Currently, the only way I can save PDFs on Adobe Acrobat is to save as and change the file name. If I try to just save a file, I get an error. I figure this is as benign as the problems could get, and have avoided restarting my laptop for the last two weeks.

But I digress. Maybe I don’t have to buy a new computer, but I definitely should

Why the hell am I talking about something so mundane as a computer purchase? Good question.

I am talking about it because for me, it is not so mundane. In fact, this pending computer purchase has been the center of my anxiety for the past month. Let me explain.

I am in this situation to begin with because before college, I bought a cheap laptop. It was cheap because it was an old, cheaply-made model. But at the time, it was all I could afford. It may be a piece of garbage, but it is the MacBook of garbage.
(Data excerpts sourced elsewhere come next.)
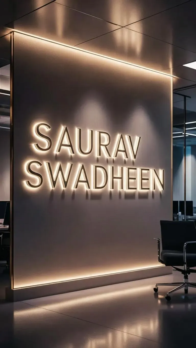 Create a hyperrealistic photo of "Saurav Swadheen" company name with a backlit acrylic logo on a minimalist wall. Pixar-inspired cinematic style meets magic realism, blending photoreal precision with National Geographic's immersive cinematography. Sophisticated modern design for professional branding, interior visuals, and immersive film photography.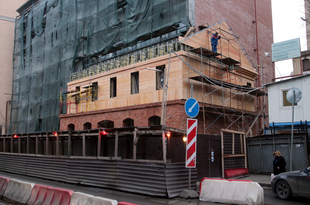 В конце 2013 года ООО «Балт инвест групп» получило разрешение на начало работ. Весной 2014-го демонтировали второй, деревянный этаж старинного домика. Этому предшествовала техническая экспертиза, показавшая необходимость разборки сгнивших стен. Впоследствии второй этаж восстановили из железобетона с деревянной отделкой.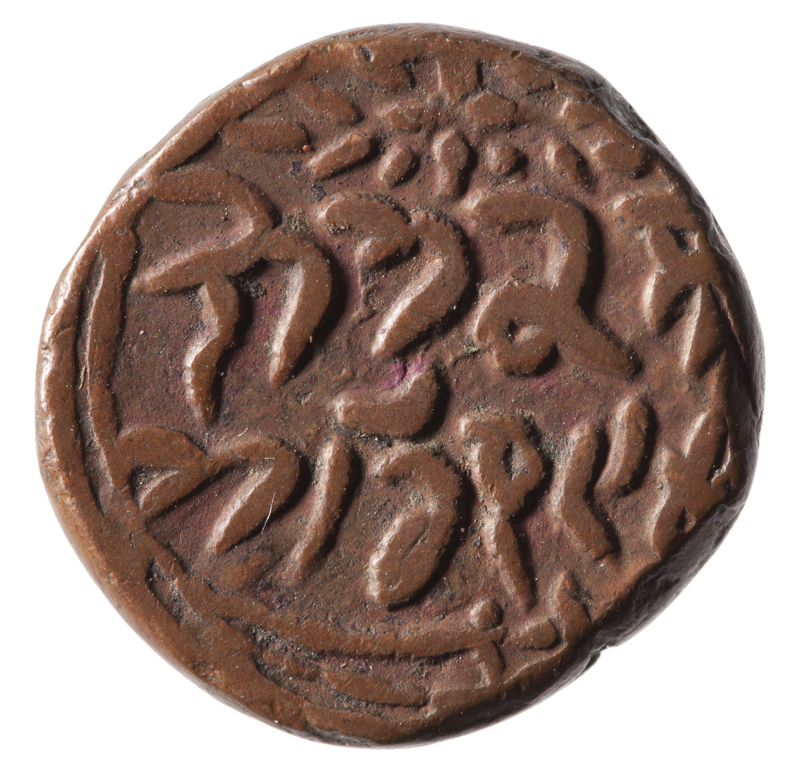 Near centre, a leaf within a Persian legend, mostly, including date, off flan; (Valentine gives the legend as Zarb Jamun sanbat (date))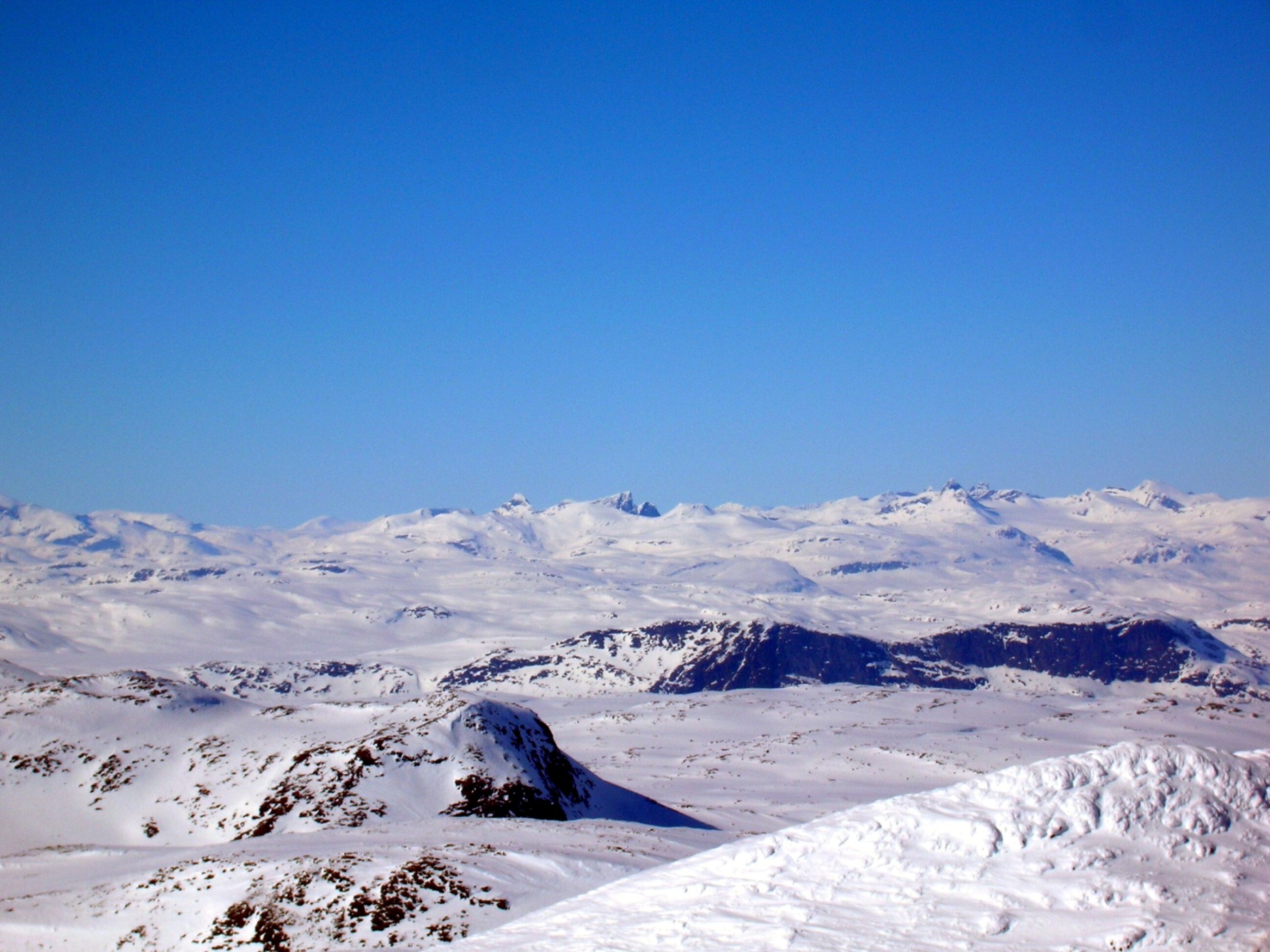 oyvindbr Skrevet 7. mai 2008 Skrevet 7. mai 2008 Her legger jeg ved et bilde tatt fra Ranastongi den varme knallværshelga midt i desember i fjor mot Høgeloftmassivet. Å si at 1900-toppen er skikkelig vill eller alpin er å overdrive, men den er da forholdsvis markant, og altfor markant til å ikke ha noe navn der den forholdsvis mektig reiser seg i høyre del av det høyeste massivet på bildet. Det er da den som skulle vært Jukleeggi! Men det er da absolutt ikke noe problem, bare en kuriositet Glemte jo å legge ved bildet...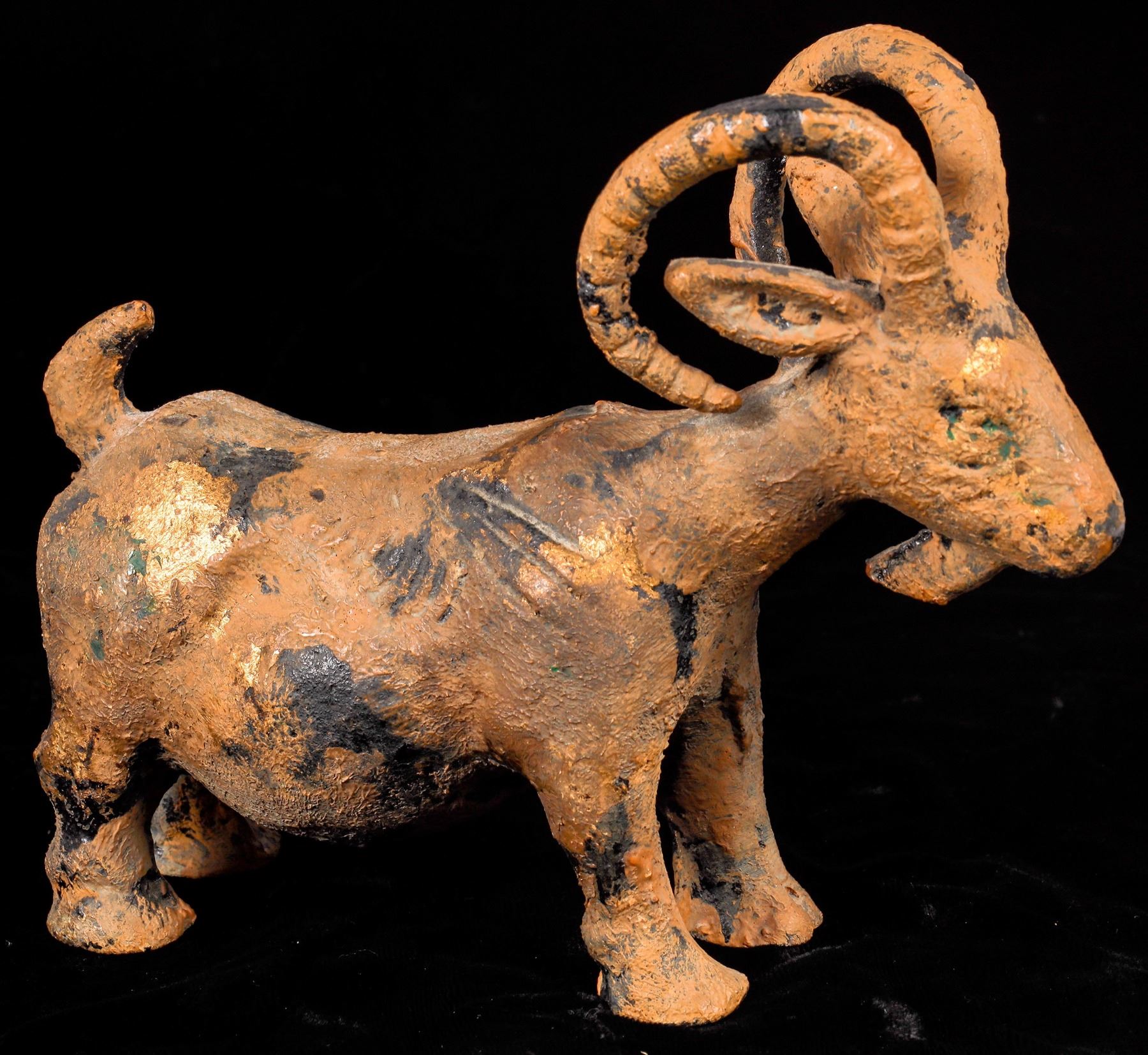 Antique Chinese cast iron buck goat sculpture. Appears to have been gold leafed at some point. 5"x 6"x 2". $150-300

Fast forward to today. My mom knows about my situation, and she agrees that it is best to buy a new laptop before this one fails and I’m stuck without anything. Furthermore, she recently got a small bonus and said I can use some of that money to pay for a new one.
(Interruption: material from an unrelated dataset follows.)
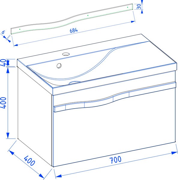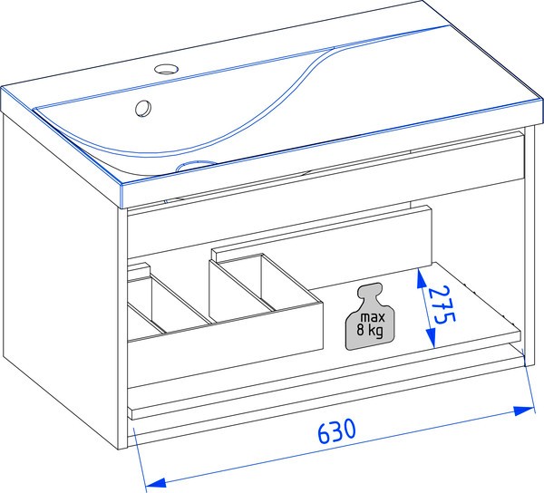 Тумба для ванной под умывальник Lauter Eva 69 (белый глянец, ручка матовая черная сталь). Совместимые модели - умывальник (Lauter Eva)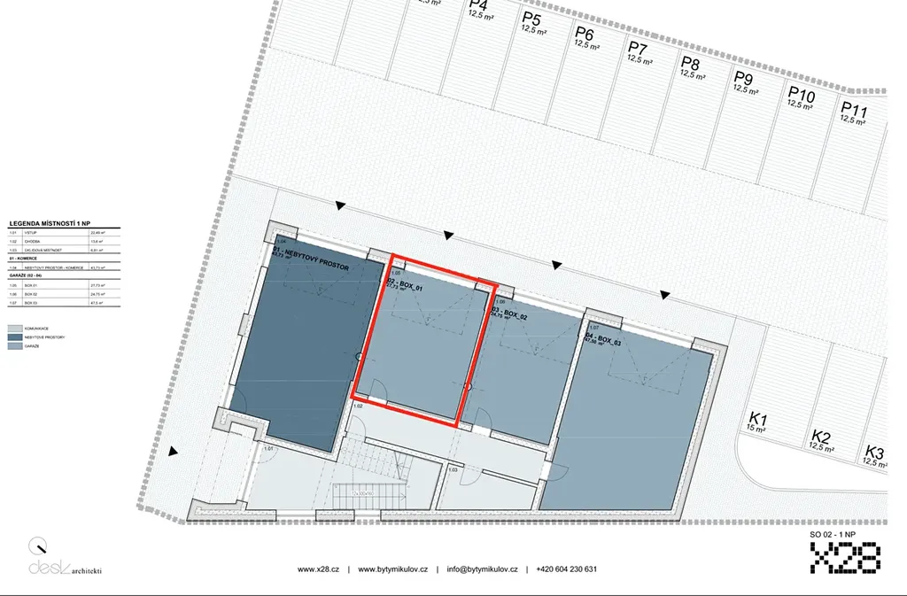 Nemovitost se nachází ve 3. patře novostavby s kolaudací v roce 2024 a splňuje požadavky na komfortní, úsporné a nadstandardní bydlení. Celková užitná plocha bytu činí 123 m², k tomu náleží prostorná terasa o velikosti 38 m² a vlastní garáž 28 m².

When she told me this, I was so relieved. At the very least, I wouldn’t be stuck up the creek without a paddle.

On the other hand, it is just enough to afford an equally garbage laptop. Would I not just be wasting her money if I got a laptop that is going to break down in another two years?

I do have some extra financial aid left over this semester, and I could use that to get something that will last. I have enough aid this semester. But what about next semester? What if something comes up that I need that aid for? What if I can’t find a sublet for the summer and have to pay two different rents? What if something is wrong with that laptop; now I have no money and no laptop.
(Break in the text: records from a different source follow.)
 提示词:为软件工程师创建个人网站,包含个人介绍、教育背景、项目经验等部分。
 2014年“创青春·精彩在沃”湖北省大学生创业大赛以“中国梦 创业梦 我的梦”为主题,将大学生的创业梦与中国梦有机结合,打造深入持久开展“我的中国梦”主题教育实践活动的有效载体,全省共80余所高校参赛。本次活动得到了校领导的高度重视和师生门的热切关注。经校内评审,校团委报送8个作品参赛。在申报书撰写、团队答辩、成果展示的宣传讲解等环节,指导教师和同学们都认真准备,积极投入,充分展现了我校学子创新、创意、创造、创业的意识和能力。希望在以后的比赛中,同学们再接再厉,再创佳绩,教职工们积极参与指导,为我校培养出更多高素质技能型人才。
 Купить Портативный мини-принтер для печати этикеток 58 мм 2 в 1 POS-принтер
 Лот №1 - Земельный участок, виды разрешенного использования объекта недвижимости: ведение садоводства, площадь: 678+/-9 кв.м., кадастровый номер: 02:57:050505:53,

Shouldn’t I just wait until this laptop fully breaks until I purchase a new one? But if it breaks before I transfer all my data, that could be disastrous. What if it happens in the middle of a paper? Two papers?! Moreover, I wouldn’t have the money all together to immediately buy a replacement.

Now, some of these thoughts can just be attributed to what it’s like living with an anxiety disorder. I’m sure many of you can attest.

But some of this anxiety is also due to the fact that when you are from a limited income background, the stakes are simply higher. The safety net is shallower. On one hand, worrying about my new computer somehow not working, and the manufacturer refusing warranty for some reason, is a logical extreme. On the other hand, if that happens, then I’m really screwed.

To be constantly thinking about what could or couldn’t happen and how that will or won’t affect your fiscal stability is exhausting. It’s not just counting dollars on laptops, it’s counting cents at the grocery. It’s being constantly aware that, at any moment, you’re one bad money decision away from not being able to fully provide for yourself.

The other day, my friends suggested that we go to Tamber’s. They took my silence as acceptance, and we started walking over. As they continued to chat, I was thinking to myself, “Am I really going to drop $14 on a meal when I can have one at home for a tenth of the price?”

I decided to go, and I had a great time. I had just gotten paid and had plenty of money. As of now, I can confidently say that those $14 did not affect my fiscal stability. I know that the vast majority of the time, these thoughts are illogical. But they are hard to silence when the stakes are high. And they almost always are.